When one of your patients is diagnosed with HIV and referred for specialist HIV care, it is important to ensure good ongoing communication with the HIV specialist if you are also continuing to see the patient. In this way, you can both be fully informed about the patient’s progress and provide co-ordinated care, liaising as needed about any emerging problems and avoiding potential drug-drug interactions.

Support for patients

In many places there are local community or peer support organisations for people living with HIV. These can be a good source of support and information to help people come to terms with a new diagnosis. There is still stigma associated with HIV, so being able to talk to people who have personal experience of living with HIV can be very reassuring and reduce the potential sense of isolation following a positive HIV test. Have their contact details and literature available to give to patients when needed.

For more about HIV stigma, see the People Living with HIV Stigma Index which includes national reports from a range of countries worldwide on stigma and discrimination experienced by people living with HIV.
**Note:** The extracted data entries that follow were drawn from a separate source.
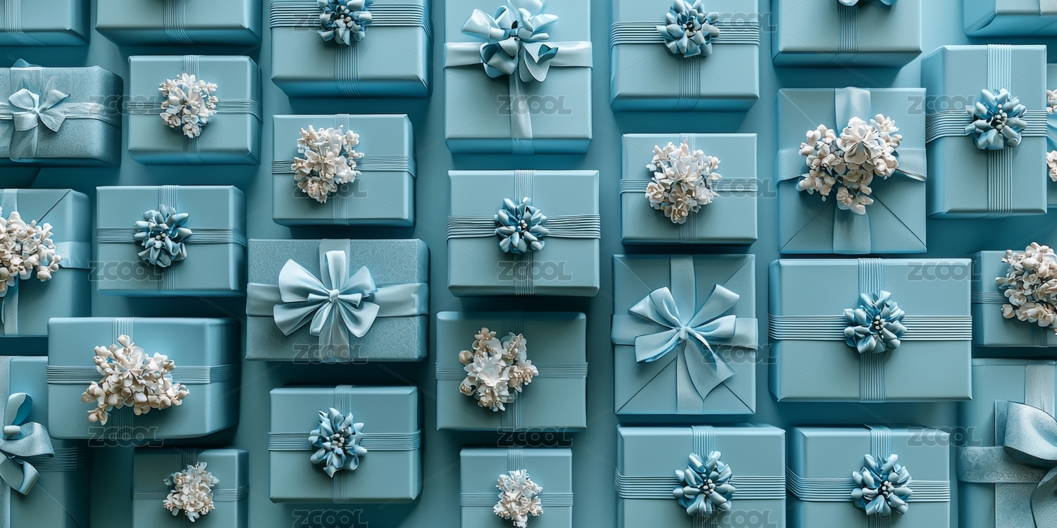 浅蓝色礼物搭配白色装饰的节日场景
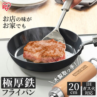 フライパン ih 20cm 鉄 鉄フライパン IH IH対応 ガス ガス火 軽量 軽量フライパン 軽い 送料無料 おしゃれ お手入れ簡単 使いやすい 丈夫 長持ち 木製取っ手 極厚タイプ 極厚鉄フライパン キッチンシェフ KITCHENCHEF SCPT-F20
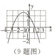 9. 抛物线 $ y = ax^{2} + bx + c(a < 0) $ 如图所示,则关于 $ x $ 的不等式 $ ax^{2} + bx + c > 0 $ 的解集是(
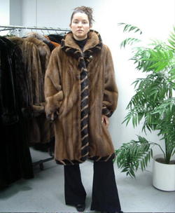 MAGNIFICENT DEMI BUFF & DARK RANCH MINK FUR COAT LADIES...CREATED WITH QUALITY AND SELECTED MINK FUR PELTS ... REFURBISHED AND RECYCLED INTO THIS FASHIONABLE STYLE....COMPLETED WITH WING FUR COLLAR AND TUXEDO FRONT...A GORGEOUS DEMI BUFF MINK FUR COAT ACCENTUATED WITH STUNNING DARK RANCH & DEMI BUFF INTERVENED TRIM AROUND THE COLLAR, TUXEDO FRONT, SKIRT AND CUFF FOR DESIGN. AFTER BUYING THIS ITEM, PLEASE PROVIDE YOUR BODY MEASUREMENTS SUCH AS HEIGHT, WEIGHT AND BUST CIRCUMFERENCE AND SLEEVE LENGTH(MEASUREMD FROM SIDE/BOTTOM OF NECK TO 2" BELOW THE WRIST).
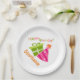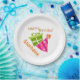 Herzlichen Glückwunsch zum Geburtstag personalisierte Teller und Geburtstagsparty-Produkte mit einem Bild eines rosa Party Hutes und einer grünen Geschenkpackung mit grün-rosa Buchstaben, die einen guten Geburtstag wünschen.
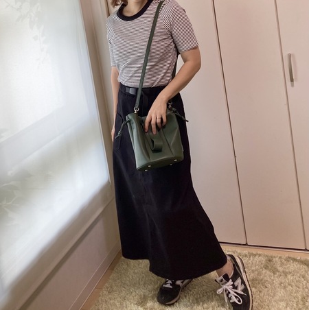 足首の上まで隠れる長めのスカート丈で、こなれた雰囲気を演出できます。
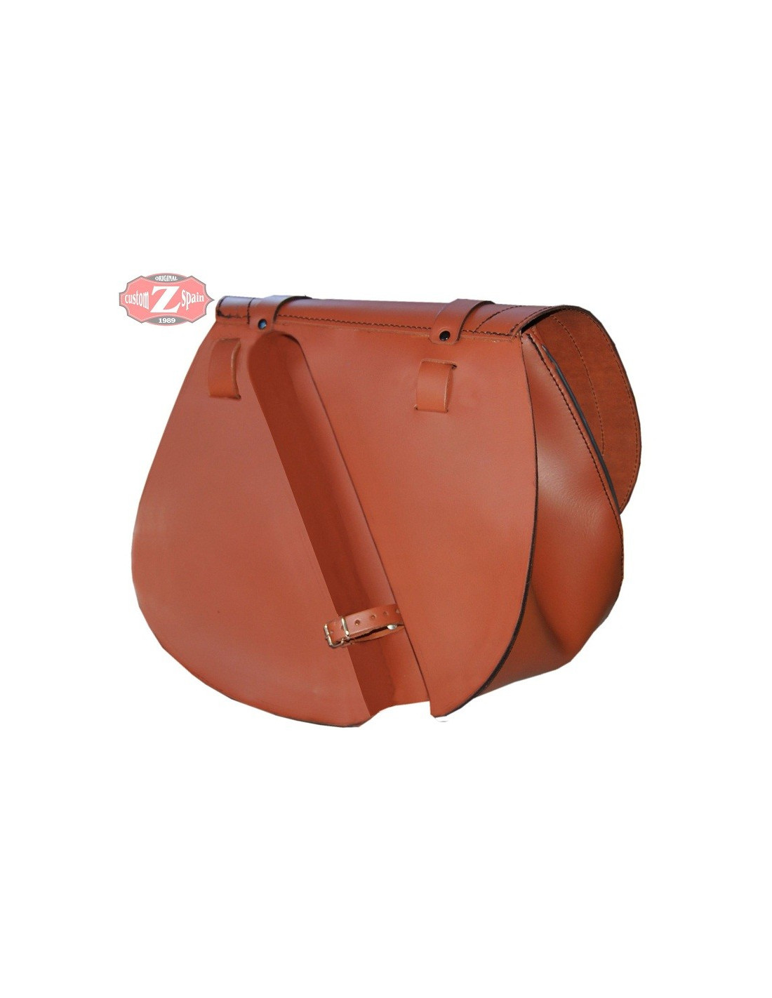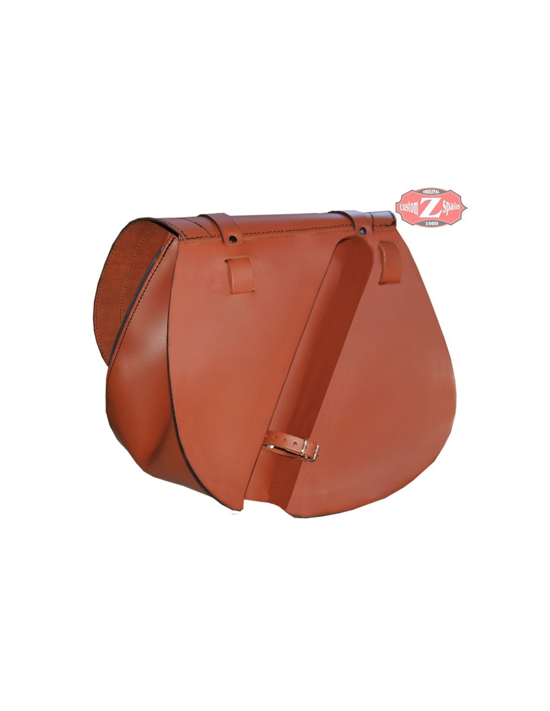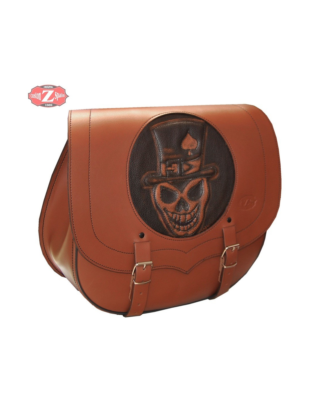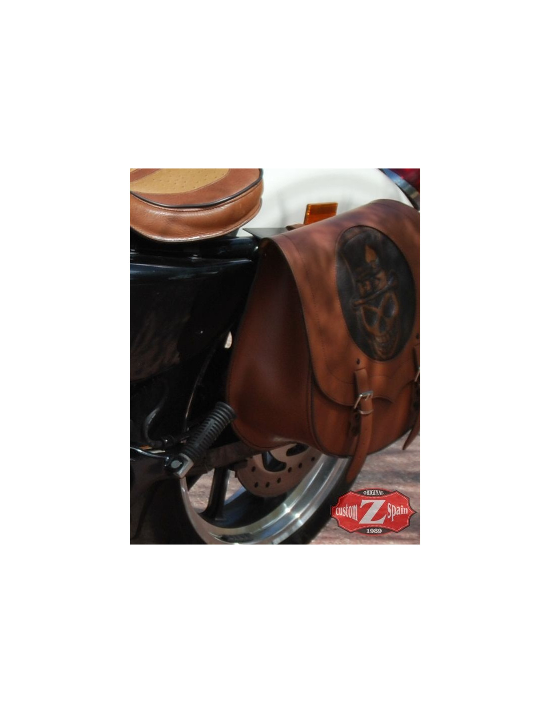 Alforja para Sportster Harley Davidson mod, SPARTA - Skull Hat - Marrón Cuero - Hueco Amortiguador - IZQUIERDA - Específica
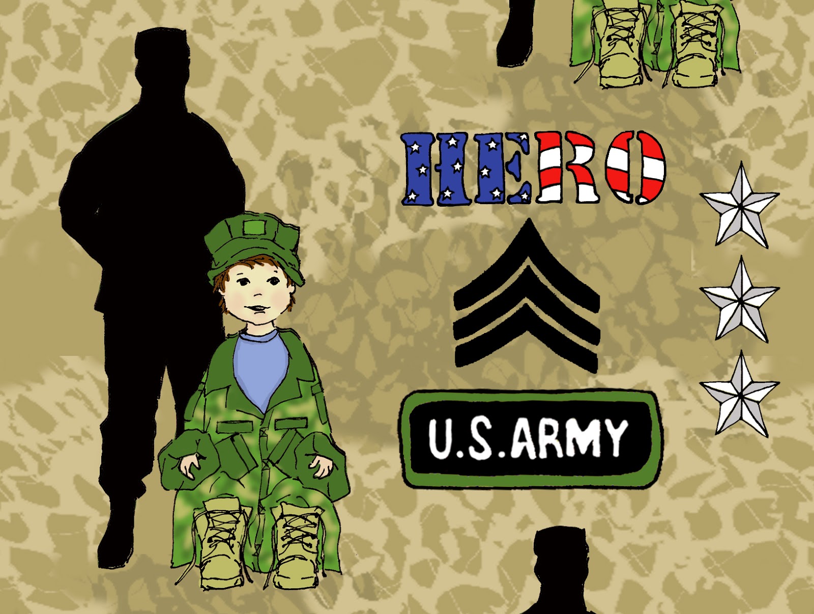 Most children want to be just like their hero at some point in their lives. A hero can wear many hats and perform many different duties and rolls. When I asked my 9 and 12 year old boys who they thought some heroes in their lives were, they responded by listing just about every different military person they could think of. They also included firefighters and police officers in their list...with mom and dad thrown in too for good measure. :) I decided on a military (army) theme for my HERO design to honor our everyday SUPER HEROES. Thank you for all you do!
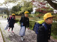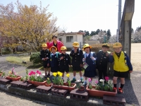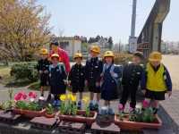 1年生は通学路をもう覚えたでしょうか.初めは教員が安全指導をしながら引率して下校をしています.もうしばらくしたら,自分達で下校することになりますのが,左右の確認をして飛び出しは絶対にしないでくださいね.チューリップの前でハイポーズ!
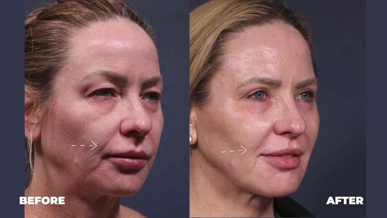 6 weeks after upper eyelid surgery & fractional CO? resurfacing, her skin looks smoother with smaller pores and a healthy glow. The laser improved brow, nose, and cheek texture, while eyelid surgery refreshed the eye area for natural rejuvenation.
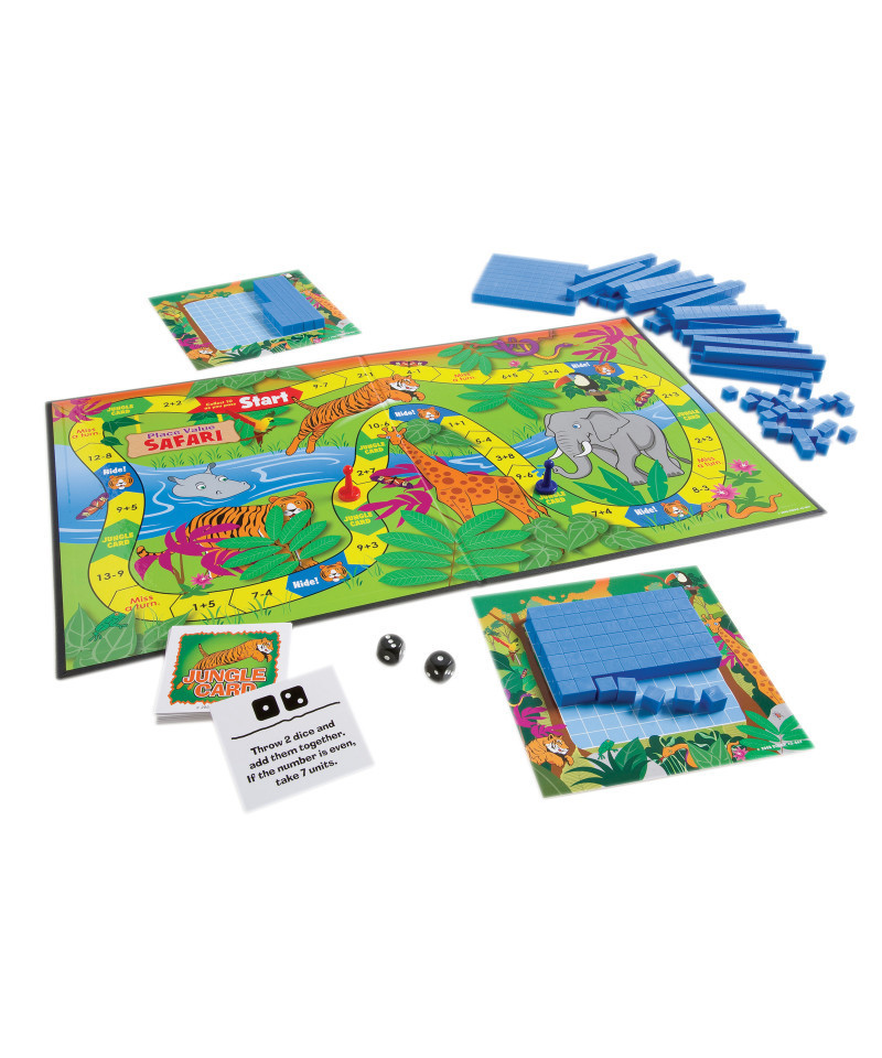 - Players must fill their safari boards with base ten units and rods to escape the tiger

Staff training/information

The technical aspects of HIV testing should be straightforward to incorporate into your practice, but some training may be helpful, especially in view of the stigma and fear that can still attach to HIV.

Make sure all staff are aware not only of the procedures to follow, but also of the reasons why HIV testing in dermatology and venereology is so important. They should understand the benefits of early diagnosis and access to treatment, and their part in making this happen.

A non-judgemental approach and an understanding of the importance of confidentiality are essential for all involved in the patient’s care, from the dermatovenereologist to the secretary and receptionist, if HIV testing is to be successfully incorporated as part of routine practice. When patients perceive negative attitudes about HIV, or fear that sensitive information about their lifestyle, such as HIV status or sexuality, might be shared, they are less likely to consent to testing or to share information that may be clinically relevant.